Suppose you have a severe underbite, receding chin, or a condition where your upper and lower teeth do not meet correctly. In that case, you may have considered jaw correction surgery, also known as double jaw surgery. However, not everyone who wants the procedure is eligible. This is a high-level surgery with potential complications that must be considered, including both functional and aesthetic outcomes.
So, who qualifies for the procedure, and what precautions are necessary?
Surgical Decision Based on Malocclusion or Facial Asymmetry—”Orthodontics for Growing Teens”
Jaw correction surgery is typically performed when there are abnormalities in how the upper and lower teeth align or in the size and position of the jawbones. It is recommended for those with an underdeveloped upper jaw (receding chin), an overdeveloped lower jaw (underbite), excessive gum exposure when smiling, or facial asymmetry. Due to the risk of severe complications if performed incorrectly, the decision must be made through consultation with a dental specialist and requires ongoing postoperative management.
Before surgery, facial bone analysis is essential, followed by a process to align the teeth and reposition the jawbones. If malocclusion is present, orthodontic treatment is typically conducted over six to 12 months in preparation. The length of this period may vary depending on the patient’s dental alignment and skeletal condition. In some cases, additional orthodontic treatment may be required after surgery to fine-tune the position of the teeth.

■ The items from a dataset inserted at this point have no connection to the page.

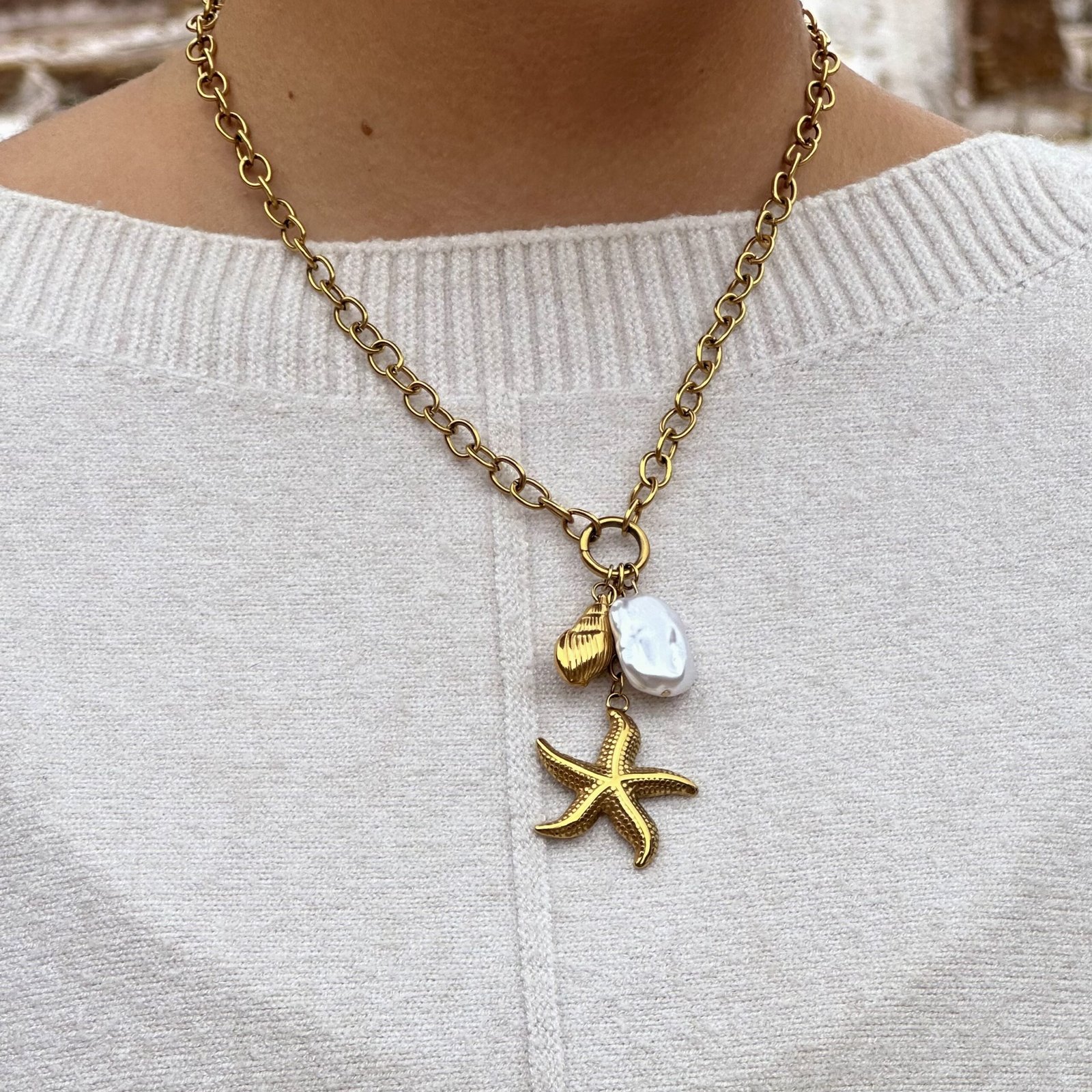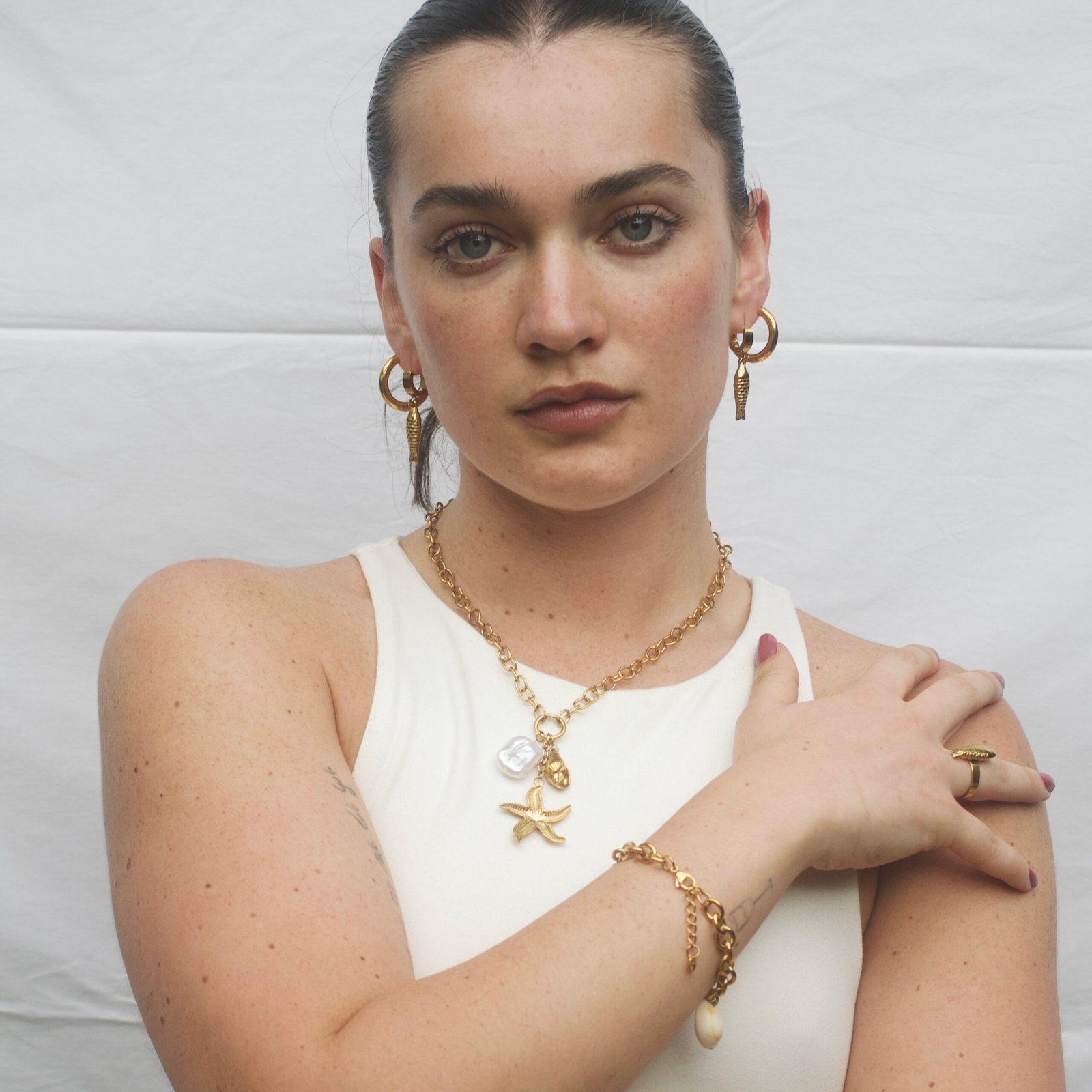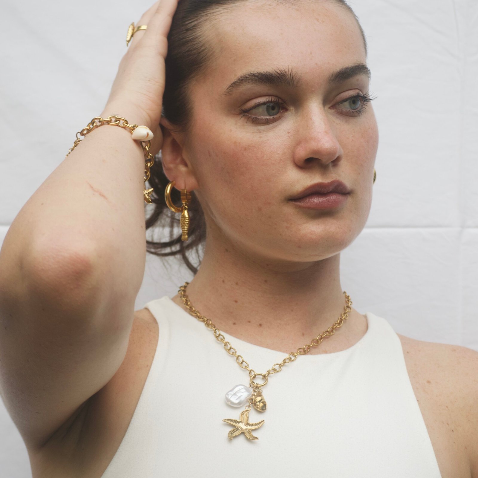 La combinación de la cadena de eslabones con charms marinos crea una caída ligera y equilibrada, pensada para usarla sola o en layering.
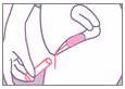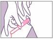 외통의 둥근 끝을 질 입구에 대고, 탐폰을 잡고 있는 손가락이 몸에 닿을 때까지 외통을 부드럽게 위쪽으로 비스듬히 삽입해줍니다. |
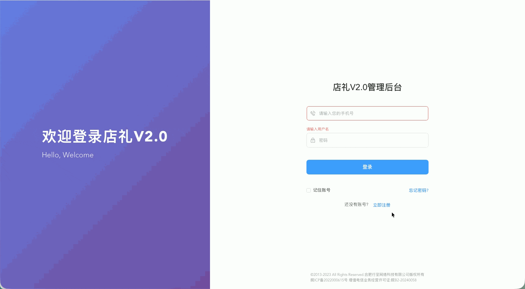 打开网页后,点击立即注册,输入老板/管理员手机号,设置密码,获取验证码即可完成注册。
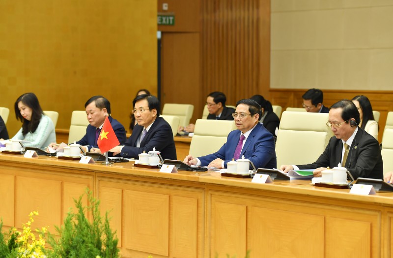 | Hai Thủ tướng nhất trí mở rộng hợp tác sang các lĩnh vực tiềm năng như công nghệ thông tin, chuyển đổi số, giáo dục đào tạo, nghiên cứu khoa học, văn hóa, du lịch, giao lưu nhân dân... Ảnh: Tuấn Huy |
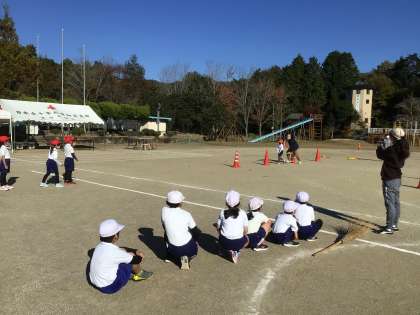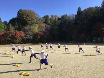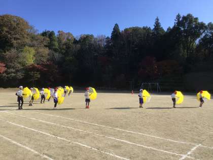 低学年は、親子競遊「ほうきにのって おおきくなあれ」とリズム「ジブリメドレー」の練習をしました。リズムについては子どもたちが優秀なので、傘をくるくる回すときに「移動する」のを加えることにしたようです。
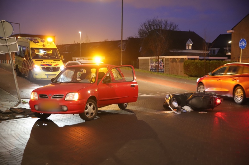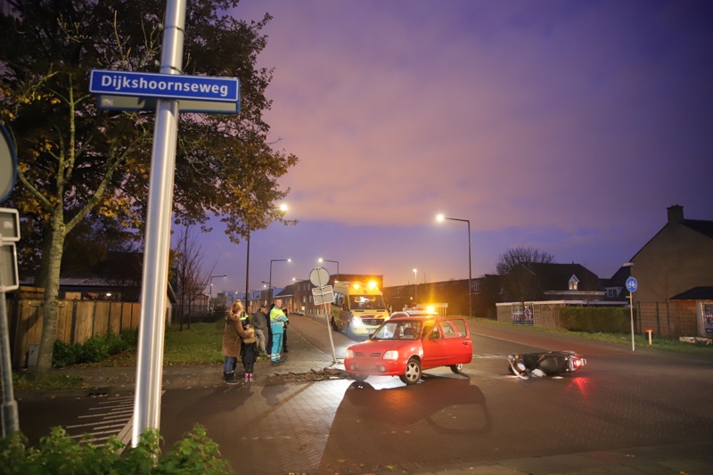 Den Hoorn – De bestuurder van een scooter is maandagochtend 25 november gewond geraakt bij een aanrijding met een auto op de kruising van de Dijkshoornseweg met de Kristalweg in Den Hoorn.
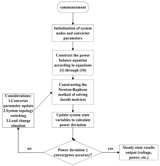 Furthermore, to synchronize converter state adjustments during switching, the device implements coordinated control strategies including fault detection, switching execution, and control parameter updates. These processes are embedded into the iterative steady-state model-solving procedure, enabling smooth transitions between pre-fault and post-fault system states.
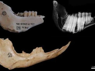 左上显示洞山羊的高齿冠,右上为相应的X射线图像,左下为古老的无珐琅质的被磨损...
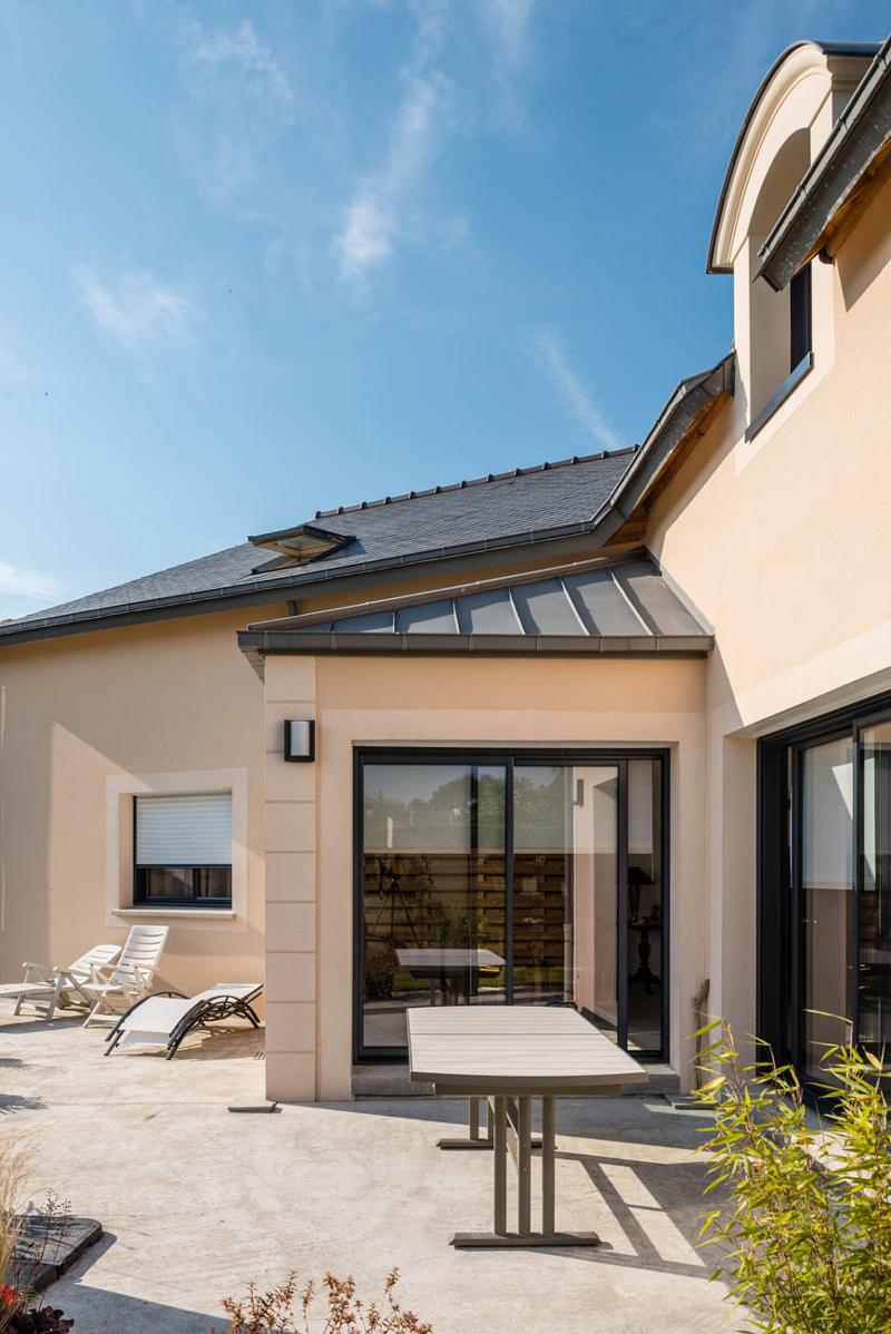 Maison neuve en zinc et quartz avec ardoises naturelles et étanchéité
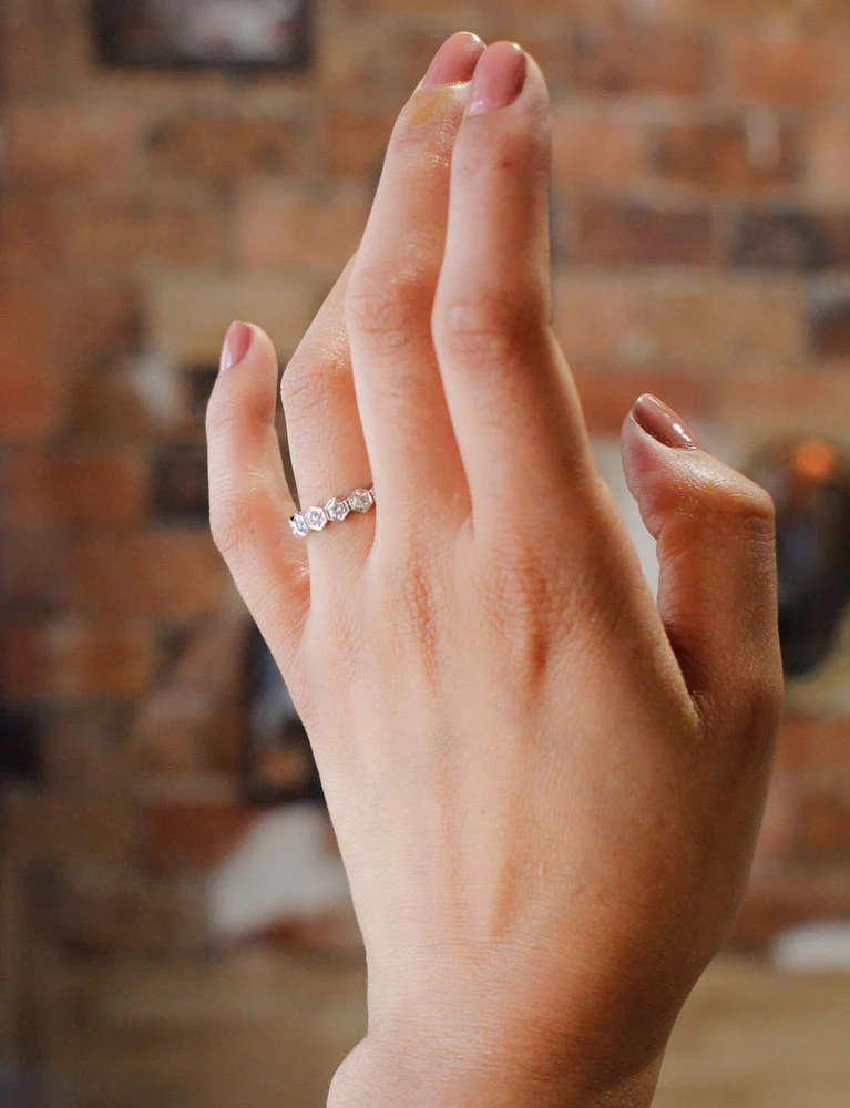 Alliance Création Benoit Joaillier en or blanc 750/1000e, inspirée du travail de mises à jour appelé "nid d'abeille". Composée entièrement d'hexagones sertis chacun d'un diamant pour un poids total 0,96 carat. Possibilité d'en réaliser sur mesure.
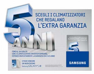 Dal 9 giugno al 16 luglio chi acquista un climatizzatore Inverter Samsung può estendere gratuitamente la garanzia da 2 a 5 anni oltre che partecipare all’estrazione finale di uno dei venti Samsung Galaxy S III in palio.
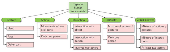 - Activity—this is a complex category. An activity can be perceived as a series of several actions. Unfortunately, there are not many datasets that provide information for this category. Depending on the order of the actions in the sequence, we can have one activity or another, so the temporal component has an important role.

Eligible patients are adults whose growth has fully completed and who cannot resolve the issue through orthodontics alone. Adolescents, whose bones are still developing, are generally not suitable candidates for surgery and instead undergo orthodontic treatment.
A Complex Surgery Involving Artificial Jawbone Fracture—”Post-Discharge Care Is Crucial to Prevent Complications”
The surgery involves cutting and repositioning the upper and/or lower jawbones, followed by fixation. It typically takes about three to four hours. The key concern is that this procedure is a complex one that artificially fractures the jawbone, carrying significant risk. If the bone is fractured incorrectly, it cannot be properly realigned. There is also a risk of nerve and sensory damage, and in extreme cases, death. Surgeries performed for non-medical or purely cosmetic reasons may lead to complications such as difficulty chewing, osteomyelitis, temporomandibular joint disorders, and facial deformities.
Professor Ji Yoo Jin from the Department of Oral and Maxillofacial Surgery at Kyung Hee University Hospital in Gangdong emphasized the importance of verifying whether the medical facility can respond to emergencies and choosing a surgeon with extensive surgical experience. Jaw correction surgery is carried out through close collaboration between orthodontists and oral and maxillofacial surgeons. Patients must inform their medical team about any medications they are currently taking or any chronic conditions they may have before undergoing surgery.
Post-surgery, outpatient care and management are critical. Professor Ji noted that patients can return to their routine daily activities about a week after surgery, but advised delaying social activities, such as work or school, until at least four weeks post-surgery to allow for sufficient recovery.
Outpatient care should be conducted at least once a week for approximately two months after discharge. During this period, doctors monitor the healing of the surgical site, assess the stability of the jawbone, and provide rehabilitation as needed. Long-term follow-up includes imaging exams at three-month, six-month, and one-year intervals.
Experts stress that to prevent complications, patients must strictly adhere to follow-up consultations and treatment schedules and maintain thorough oral hygiene.